Shares of Discover Financial Services slid Thursday after an analyst lowered his earnings estimate for the Riverwoods, Ill., credit card company and reiterated a "sell" rating.

Michael Taiano, an analyst with Sandler O'Neill & Partners LP in New York, wrote in a research note that the Federal Reserve Board is expected to raise interest rates this summer, which is likely to cut into the card company's profit margins.

"In addition to protracted credit deterioration into 2009, we believe 2009 earnings will be negatively affected by Fed tightening, which should limit margin expansion," Mr. Taiano wrote.

He pointed out that Discover's margins have improved in the past after Fed rate cuts "helped offset rising credit losses. However, with the odds increasing of the Fed tightening as early as its August meeting, we believe that unlike in the previous credit cycle, Fed rate increases will precede an improvement in credit losses, creating added pressure on Discover's earnings next year."

Mr.
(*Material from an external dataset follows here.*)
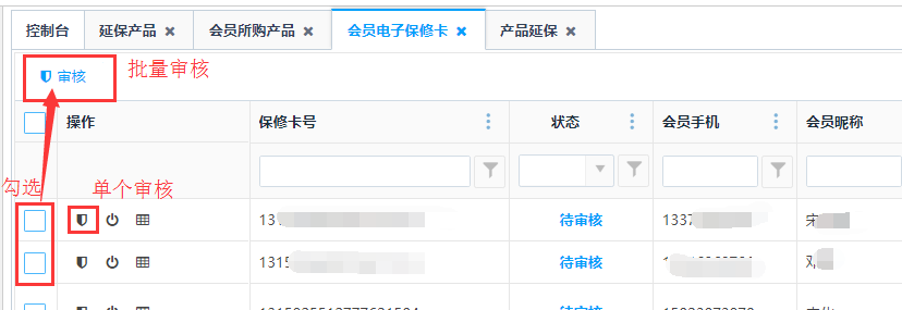 点击操作栏中的<审核>按钮,可对电子保修卡进行审核操作;勾选待审核的保修卡,点击上方的<审核>按钮,可对电子保修卡进行批量审核操作。

Taiano also said that consumers are facing higher debt loads and lower purchasing power, largely because of inflation and the poor economy. "As a result, we believe it will be more difficult for card issuers to pass on higher funding costs to borrowers without jeopardizing credit performance," he wrote.

He trimmed his 2009 earnings projection to $1.43, from $1.70, and cut his 12-month price target for the stock to $14 from $15.

Discover shares closed Thursday at $14.82, down 2.82% from Wednesday's close.